Canard flinched back as the gosling tipped from his platform, and she watched him with considerable distress as he flailed in the water; hadn’t Pato warned that making too much noise might attract predators? Not to mention that this sort of clumsiness in the water could indicate disease. That she knew from her time at the farm, where a duck didn’t matter anymore than his flesh was worth and the conditions reflected such. These thoughts in mind, Canard let herself drift a bit further from the other bird, and did not respond to his question; what did it matter if he knew their names if he had some illness? That would explain why his mother had abandoned him as well, when mother geese were so protective of their broods.

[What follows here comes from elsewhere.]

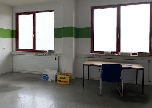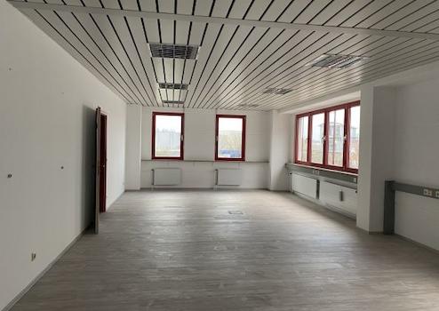 Das Bürogebäude ist im Erdgeschoss über einen repräsentativen Vorraum mit Empfang mit Natursteinboden begehbar. Hier befinden sich drei Großraumbüros mit Vinylboden, ein Aufenthaltsraum mit Laminat und Küchenzeile sowie eine hell geflieste WC-Anlage. Der Flur ist ebenfalls mit Naturstein ausgelegt. Der Innenhof ist über eines der Großraumbüros erreichbar. Die EDV- und Telefonverkabelung verläuft in Kabelkanälen und Bodentanks. Leuchten sind vorhanden. Es besteht Zugang zur Halle 1 und Halle 2.

Pato had no such reservations; he watched the gosling’s flailing with a smile, recognizing it for the clumsiness of youth. “I’m Pato, and this is Canard,” he answered before the gosling had even righted himself. “And you?”

Canard skimmed up alongside her companion and hissed “ill” into his ear. The male duck shook his head in response, and tilted it towards the goose. Canard gave them both critical looks, but mostly to cover her embarrassment. Now that he was properly adrift, it was clear that the gosling wasn’t sickly in the least. To cover up her unfriendliness, she hustled over to the chick and placed herself protectively beside him. Her tone held implicit condemnation of the gosling's mother as she asked, “How does someone so young come to be alone?”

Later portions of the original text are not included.